I am sure there are folks working at Peacock who see these changes as necessary evils to sustain the service and their broadcast teams. While there are race fans who would chafe at that latter part, I am in the camp that would die for commentators Leigh Diffey and James Hinchcliffe. I absolutely want NBC to invest in racing, but vandalizing that coverage the way Peacock did is going to kill that service for an audience NBC may mistakenly think is captive.
Because here’s the thing: These races are not hard to watch outside the U.S. where Peacock and NBC aren’t the broadcasters. Every complaint about the broadcast you’ll find online has somebody helpfully explaining how to use a VPN to get other race feeds from outside the U.S. While I’m sure NBC and IMSA can make using VPNs to get around region restrictions more difficult, I’ve yet to see any service completely shut down those loopholes, and they probably couldn’t if they tried. Again, the communities that NBC is treating like dumping grounds for ad inventory are communities that started mailing videotapes to each other the second the format was invented. These people aren’t cheap, they are choosy.
Somebody at NBC has a plan for Peacock built around making ads more obtrusive and eliminating an audience’s ability to get around them. That might make sense if the play is to get a few high-profile sports events a year to draw viewers to your platform and get them to keep an ad-support tier for a month or two until they remember to cancel. But that hostage-taking strategy is incompatible with the audience Peacock cultivated with investment in more niche sports.
Prior to this weekend, if Peacock had announced that it needed to move ad-free motorsports behind a higher-tier plan, I would have happily paid because I would’ve felt like I was getting a bargain.

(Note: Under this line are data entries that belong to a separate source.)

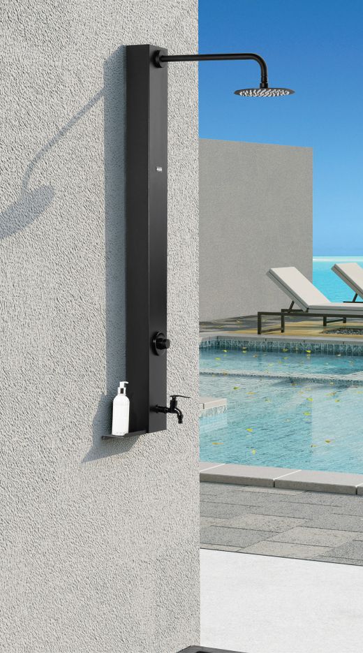 Duschpelare tillverkad av rostfritt stål, redo för väggmontering i utomhusområden, terrasser, trädgårdar, offentliga och privata simbassänger.
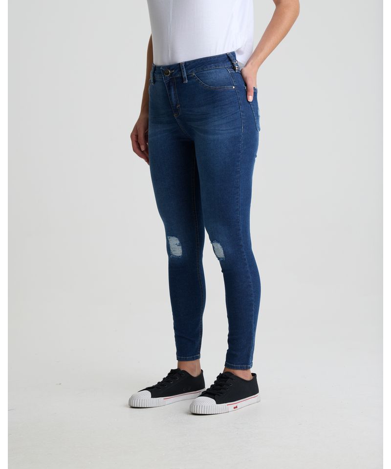 Jeans chupin tiro alto 5 bolsillos. Detalle de abertura en bota. LINEA 777 • elastizado • 99% algodón 1% elastano
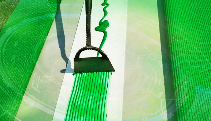 在草坪粘接过程中,禁止草坪与基础直接粘接,草坪与水泥地热胀冷缩系数差异大,特别是铺装后经过冬天热胀冷缩,使用会造成严重开缝(3-5cm),易产生鼓包等质量问题。
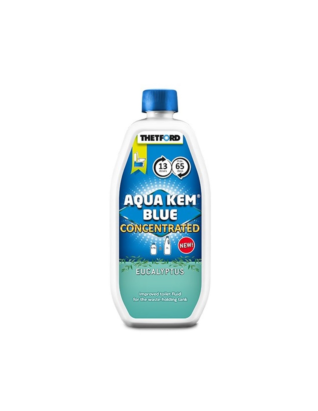 Autentico Aqua Kem Blu con aroma di Eucalyptus Liquid Thetford 0.78 litri concentrati con un odore fresco per servizi igienici portatili per lo stoccaggio di residui di caravan e camper.
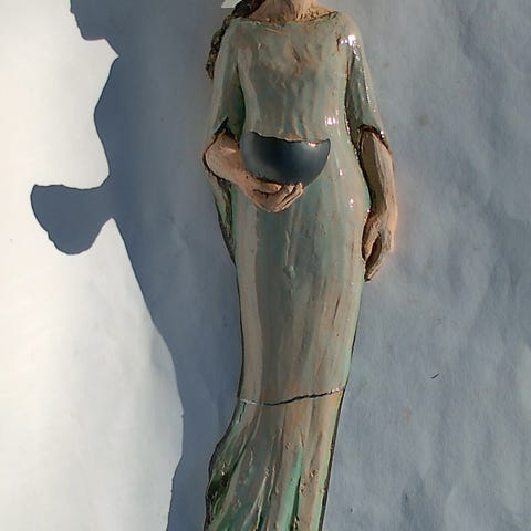 Morsom og dekorativ keramikk. Lysestaken er utformet som fire stablede kattedyr med stripemønster. Blå og hvit med glasert overflate. Høyden på figuren er 16,5 cm og hel lengde er også 16,5 cm. Figuren har vært limt, som det kommer frem av bildene og selges derfor rimelig. Dette syntes ikke så godt, og den er svært dekorativ når den stikker hodene frem mellom bøkene i en bokhylle eller i mellom plantene i vinduskarmen din.
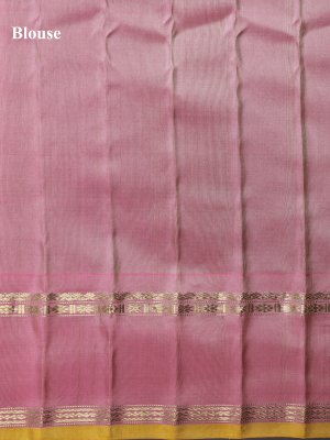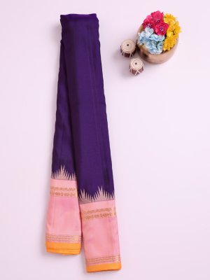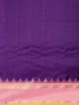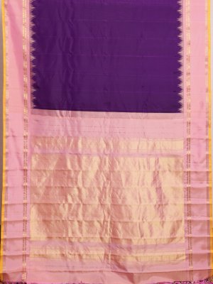This elegant Gadwal Silk Saree boasts a rich dark purple body with a smooth, solid finish. Its light pink contrast border is detailed with traditional Thazampoo temple designs, along with delicate moggu, kamalam, neli, and muthu motifs accented beautifully with a bright yellow jamadu. The pallu is tastefully adorned with subtle solid patterns, giving the saree a regal charm.

Now, after botching the TV production of one of the biggest racing events NBC Sports carries, I don’t think NBC respects these racing series enough to effectively televise them.
As a fan, that annoys the hell out of me. And it should worry people running organizations like IMSA and IndyCar. Racing isn’t like football or baseball, where you have a huge number of fans getting into the sport just because it’s part of civic and family life. People get into racing because it’s awesome. To make them realize that you need a broadcast partner that gives a damn. Suddenly, NBC isn’t looking like that partner.
Old fans will be fine, they’ll just dust off their VPNs and private forums. It’s the new fans that bad broadcasts will fail to create that race organizers need to be worried about.